Misleading survey hurts mobile entertainment – how to respond
- Posted by Ephraim Cohen on March 8th, 2006 filed in Corporate Communications, General, Messaging, PR Strategy, Positioning, surveys
- Comments
RBC Financial Group released a survey with some damaging statistics for mobile entertainment For example, it said that 70% of consumers (or 69% to be exact), are not interested in using their cell phones for music entertainment. If I’m a mobile entertainment company, I would look at the report and its fairly decent coverage (e.g., News.com, GigaOm) and start thinking about how to quickly counter such a report.Â
Like so many surveys, especially those put out for public relations purposes, the released results have a major design flaw – they failed to differentiate between consumers that have already tried mobile entertainment like wireless music and those that haven’t.  Ask most consumers if they are interested in a totally new concept and they’ll often say know. That’s why early adopters are so important as they get the mainstream to see that there is value in a new service or technology. A hundred years ago there where plenty of people thinking cars where just a waste of money and a menace to horses. But back to the survey issue.

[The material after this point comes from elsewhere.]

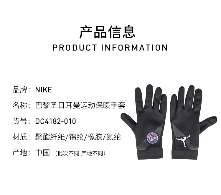 NIKE/耐克巴黎乔丹足球运动休闲训练保暖手套男DC4182010

The solution is fairly simple - counter with a more believable survey that both legitimizes the industries focus (mobile entertainment) while attacking the flawed methodology of RBC’s survey. Â
The industry needs to show how popular mobile entertainment is among those that have already tried it as well as focus on the appropriate user base (a survey of active cell phone users and MP3 player owners instead of just any old consumer). There are already numbers out there (e.g., repeat sales of mobile video games, purchases of mobile music at KDDI or Vodafone etc) that can be used. The RBC report can be easily shown to be massively flawed and positioned as survey methodology that would have kept cars off the road and buggy whips making a fortune.